**What the exercise asks**: Your answer should hold exactly the lines below from the line with "パジャマ 上下セット レディース" through the line with "지난 10년동안, 중공은", both included, and no pictures at all.

**Dataset records**:
___

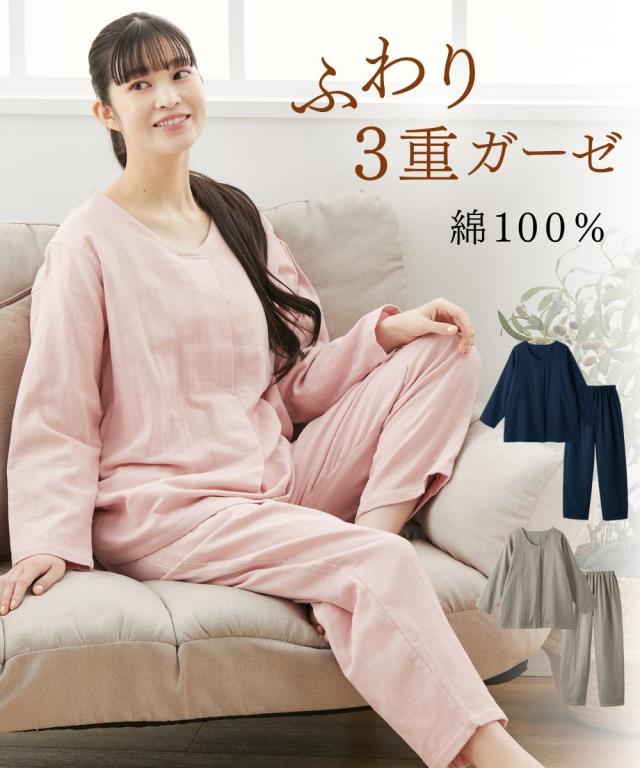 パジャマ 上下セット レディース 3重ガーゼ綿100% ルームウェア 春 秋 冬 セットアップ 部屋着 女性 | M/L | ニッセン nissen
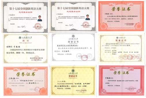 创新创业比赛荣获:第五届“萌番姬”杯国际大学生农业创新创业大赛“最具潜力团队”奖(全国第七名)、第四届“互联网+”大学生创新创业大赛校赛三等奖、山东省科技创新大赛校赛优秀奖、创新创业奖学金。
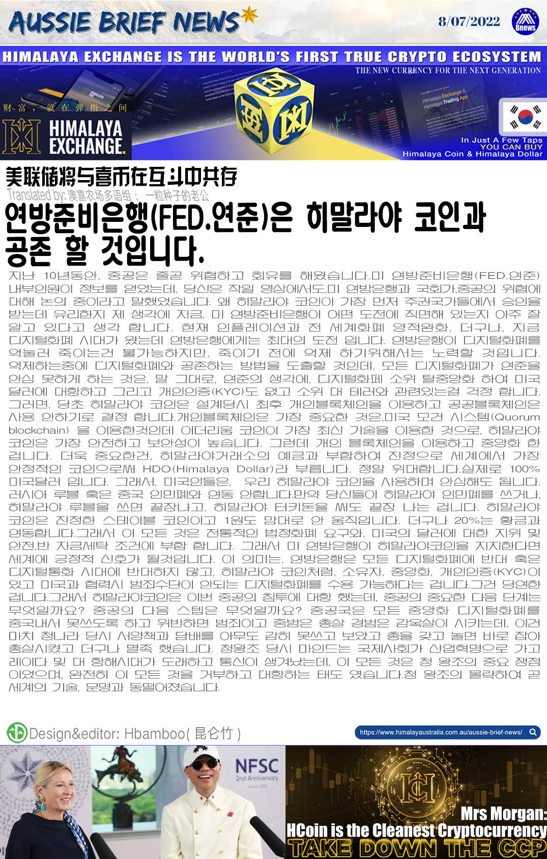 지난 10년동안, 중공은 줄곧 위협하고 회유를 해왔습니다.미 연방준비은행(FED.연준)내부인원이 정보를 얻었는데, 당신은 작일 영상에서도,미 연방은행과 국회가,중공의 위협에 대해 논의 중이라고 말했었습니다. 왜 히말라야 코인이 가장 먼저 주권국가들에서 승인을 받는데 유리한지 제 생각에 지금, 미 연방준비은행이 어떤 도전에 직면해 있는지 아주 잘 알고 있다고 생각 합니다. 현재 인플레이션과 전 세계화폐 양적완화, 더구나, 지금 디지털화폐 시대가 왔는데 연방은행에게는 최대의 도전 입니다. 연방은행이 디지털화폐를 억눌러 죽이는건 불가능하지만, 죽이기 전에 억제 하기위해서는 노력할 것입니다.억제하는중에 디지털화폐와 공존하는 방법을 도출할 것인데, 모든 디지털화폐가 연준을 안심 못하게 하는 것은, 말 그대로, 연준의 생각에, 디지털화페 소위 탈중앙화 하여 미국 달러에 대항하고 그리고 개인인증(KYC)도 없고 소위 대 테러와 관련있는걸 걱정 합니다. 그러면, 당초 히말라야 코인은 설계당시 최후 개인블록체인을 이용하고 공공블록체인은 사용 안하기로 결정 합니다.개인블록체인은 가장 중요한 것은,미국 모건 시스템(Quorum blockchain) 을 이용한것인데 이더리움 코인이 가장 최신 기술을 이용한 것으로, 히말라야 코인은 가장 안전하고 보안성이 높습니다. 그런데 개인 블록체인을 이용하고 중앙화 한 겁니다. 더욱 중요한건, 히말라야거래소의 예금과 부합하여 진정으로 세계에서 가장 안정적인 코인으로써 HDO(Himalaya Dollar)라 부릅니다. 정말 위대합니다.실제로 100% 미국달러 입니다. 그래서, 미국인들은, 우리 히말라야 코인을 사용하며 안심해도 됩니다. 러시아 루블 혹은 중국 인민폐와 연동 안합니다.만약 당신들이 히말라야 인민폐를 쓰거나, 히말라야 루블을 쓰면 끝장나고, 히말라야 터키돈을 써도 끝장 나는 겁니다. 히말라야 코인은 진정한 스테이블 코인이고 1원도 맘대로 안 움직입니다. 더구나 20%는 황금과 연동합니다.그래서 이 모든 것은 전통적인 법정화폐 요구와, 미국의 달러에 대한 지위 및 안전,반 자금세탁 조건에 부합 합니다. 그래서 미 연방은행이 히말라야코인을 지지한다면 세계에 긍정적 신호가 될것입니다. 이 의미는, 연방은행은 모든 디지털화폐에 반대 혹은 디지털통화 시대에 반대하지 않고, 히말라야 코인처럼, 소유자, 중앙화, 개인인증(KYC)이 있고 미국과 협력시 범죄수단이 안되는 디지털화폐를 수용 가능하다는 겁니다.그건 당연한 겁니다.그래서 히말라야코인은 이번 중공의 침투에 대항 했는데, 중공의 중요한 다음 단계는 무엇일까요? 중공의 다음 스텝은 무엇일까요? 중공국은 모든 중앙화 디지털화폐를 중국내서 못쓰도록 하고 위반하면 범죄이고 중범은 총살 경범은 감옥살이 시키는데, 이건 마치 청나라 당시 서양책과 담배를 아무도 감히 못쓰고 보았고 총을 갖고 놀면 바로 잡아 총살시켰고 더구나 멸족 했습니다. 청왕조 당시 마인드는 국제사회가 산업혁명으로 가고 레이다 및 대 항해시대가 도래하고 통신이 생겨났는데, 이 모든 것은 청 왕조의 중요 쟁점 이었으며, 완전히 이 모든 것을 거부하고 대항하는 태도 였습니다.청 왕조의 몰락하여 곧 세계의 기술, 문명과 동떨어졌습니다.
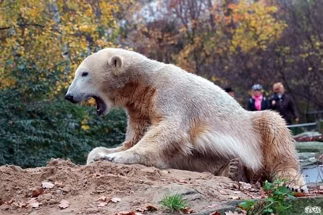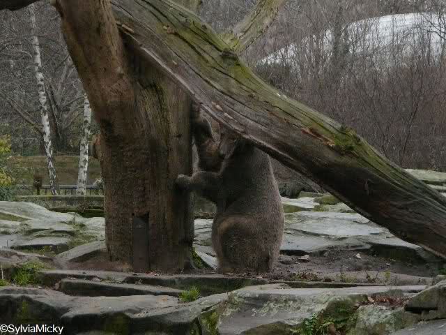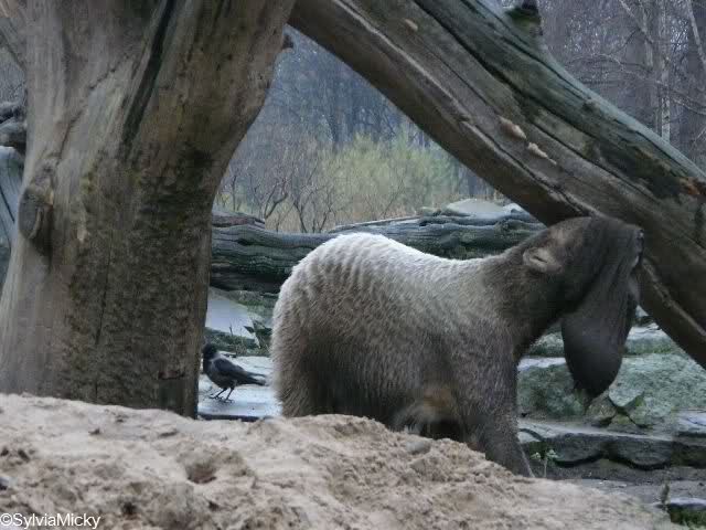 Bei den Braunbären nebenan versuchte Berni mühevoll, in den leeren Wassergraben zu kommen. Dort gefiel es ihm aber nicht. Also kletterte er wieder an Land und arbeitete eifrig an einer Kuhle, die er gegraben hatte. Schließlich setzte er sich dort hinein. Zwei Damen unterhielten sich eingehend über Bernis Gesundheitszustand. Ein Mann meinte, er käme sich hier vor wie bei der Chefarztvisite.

___

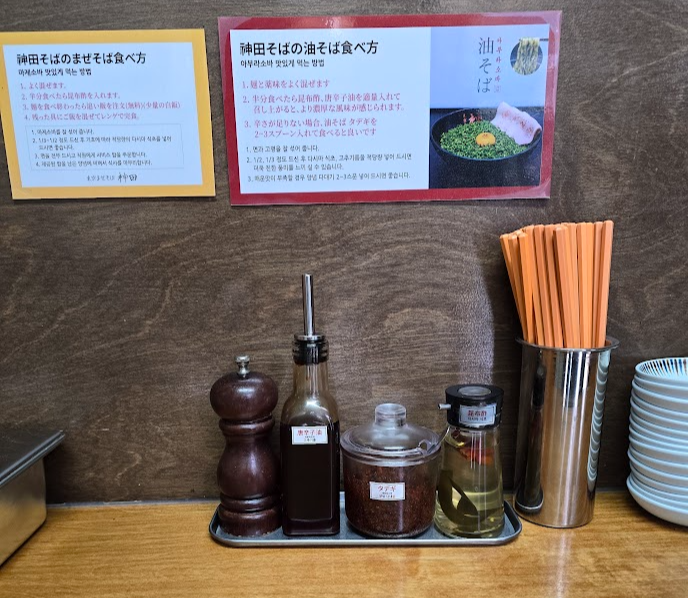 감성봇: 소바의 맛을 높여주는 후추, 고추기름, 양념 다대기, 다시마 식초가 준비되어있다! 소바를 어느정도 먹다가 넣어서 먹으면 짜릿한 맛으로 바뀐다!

___

**Task solution**:
 パジャマ 上下セット レディース 3重ガーゼ綿100% ルームウェア 春 秋 冬 セットアップ 部屋着 女性 | M/L | ニッセン nissen
 创新创业比赛荣获:第五届“萌番姬”杯国际大学生农业创新创业大赛“最具潜力团队”奖(全国第七名)、第四届“互联网+”大学生创新创业大赛校赛三等奖、山东省科技创新大赛校赛优秀奖、创新创业奖学金。
 지난 10년동안, 중공은 줄곧 위협하고 회유를 해왔습니다.미 연방준비은행(FED.연준)내부인원이 정보를 얻었는데, 당신은 작일 영상에서도,미 연방은행과 국회가,중공의 위협에 대해 논의 중이라고 말했었습니다. 왜 히말라야 코인이 가장 먼저 주권국가들에서 승인을 받는데 유리한지 제 생각에 지금, 미 연방준비은행이 어떤 도전에 직면해 있는지 아주 잘 알고 있다고 생각 합니다. 현재 인플레이션과 전 세계화폐 양적완화, 더구나, 지금 디지털화폐 시대가 왔는데 연방은행에게는 최대의 도전 입니다. 연방은행이 디지털화폐를 억눌러 죽이는건 불가능하지만, 죽이기 전에 억제 하기위해서는 노력할 것입니다.억제하는중에 디지털화폐와 공존하는 방법을 도출할 것인데, 모든 디지털화폐가 연준을 안심 못하게 하는 것은, 말 그대로, 연준의 생각에, 디지털화페 소위 탈중앙화 하여 미국 달러에 대항하고 그리고 개인인증(KYC)도 없고 소위 대 테러와 관련있는걸 걱정 합니다. 그러면, 당초 히말라야 코인은 설계당시 최후 개인블록체인을 이용하고 공공블록체인은 사용 안하기로 결정 합니다.개인블록체인은 가장 중요한 것은,미국 모건 시스템(Quorum blockchain) 을 이용한것인데 이더리움 코인이 가장 최신 기술을 이용한 것으로, 히말라야 코인은 가장 안전하고 보안성이 높습니다. 그런데 개인 블록체인을 이용하고 중앙화 한 겁니다. 더욱 중요한건, 히말라야거래소의 예금과 부합하여 진정으로 세계에서 가장 안정적인 코인으로써 HDO(Himalaya Dollar)라 부릅니다. 정말 위대합니다.실제로 100% 미국달러 입니다. 그래서, 미국인들은, 우리 히말라야 코인을 사용하며 안심해도 됩니다. 러시아 루블 혹은 중국 인민폐와 연동 안합니다.만약 당신들이 히말라야 인민폐를 쓰거나, 히말라야 루블을 쓰면 끝장나고, 히말라야 터키돈을 써도 끝장 나는 겁니다. 히말라야 코인은 진정한 스테이블 코인이고 1원도 맘대로 안 움직입니다. 더구나 20%는 황금과 연동합니다.그래서 이 모든 것은 전통적인 법정화폐 요구와, 미국의 달러에 대한 지위 및 안전,반 자금세탁 조건에 부합 합니다. 그래서 미 연방은행이 히말라야코인을 지지한다면 세계에 긍정적 신호가 될것입니다. 이 의미는, 연방은행은 모든 디지털화폐에 반대 혹은 디지털통화 시대에 반대하지 않고, 히말라야 코인처럼, 소유자, 중앙화, 개인인증(KYC)이 있고 미국과 협력시 범죄수단이 안되는 디지털화폐를 수용 가능하다는 겁니다.그건 당연한 겁니다.그래서 히말라야코인은 이번 중공의 침투에 대항 했는데, 중공의 중요한 다음 단계는 무엇일까요? 중공의 다음 스텝은 무엇일까요? 중공국은 모든 중앙화 디지털화폐를 중국내서 못쓰도록 하고 위반하면 범죄이고 중범은 총살 경범은 감옥살이 시키는데, 이건 마치 청나라 당시 서양책과 담배를 아무도 감히 못쓰고 보았고 총을 갖고 놀면 바로 잡아 총살시켰고 더구나 멸족 했습니다. 청왕조 당시 마인드는 국제사회가 산업혁명으로 가고 레이다 및 대 항해시대가 도래하고 통신이 생겨났는데, 이 모든 것은 청 왕조의 중요 쟁점 이었으며, 완전히 이 모든 것을 거부하고 대항하는 태도 였습니다.청 왕조의 몰락하여 곧 세계의 기술, 문명과 동떨어졌습니다.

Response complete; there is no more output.